Further, and more generally, it is now accepted that the existence of a contract can be established or inferred where a manifestation of mutual assent must be implied from the circumstances. It is important to emphasise that the circumstances in which a contract will be inferred, otherwise than by the traditional analysis of offer and acceptance, will be rare. It seems to me that the position was well summarised by Sundberg J in Adnunat Pty Ltd v ITW Construction Systems Australia Pty Ltd  FCA 499 when he said:
“A contract may in certain circumstances be inferred from conduct, even where no offer and acceptance can be identified … However the existence or otherwise of an enforceable agreement depends ultimately on the manifest intention of the parties, objectively ascertained … Where mutual promises are sought to be inferred, the conduct relied upon must, on an objective assessment, evince a tacit agreement with sufficiently clear terms. It is not enough that the conduct is consistent with what are alleged to be the terms of a binding agreement. The evidence must positively indicate that both parties considered themselves bound by that agreement.”

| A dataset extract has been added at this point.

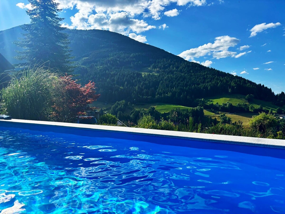 Dream place with private swimming pool in the heart of the lake areas of Karinthie. 5 minutes by car (10 minutes walk to the ski bus) from Bad Kleinkirchheim. Golfing, horseback riding, cycling, water sports, hiking and everything for winter sports, everything is close by. Lovely apartment with its own entrance and lots of privacy. Ideal for 2 people but possibly still room for a third person or e.g. 2 children on the sofa bed in the living room. Very spacious bathroom and complete kitchen. Fantastic mountain views.

In determining if an agreement has been made in this way regard must be had to the entirety of the relevant conduct. The precise point in time at which the agreement comes into existence may not be clear, and the relationship between the parties themselves may be dynamic in such a way that the terms of the agreement might be added to or superseded over time. In this context the absence of non-essential terms, or a lack of agreement on non-essential terms, will not invalidate the existence or effective operation of a binding contract.”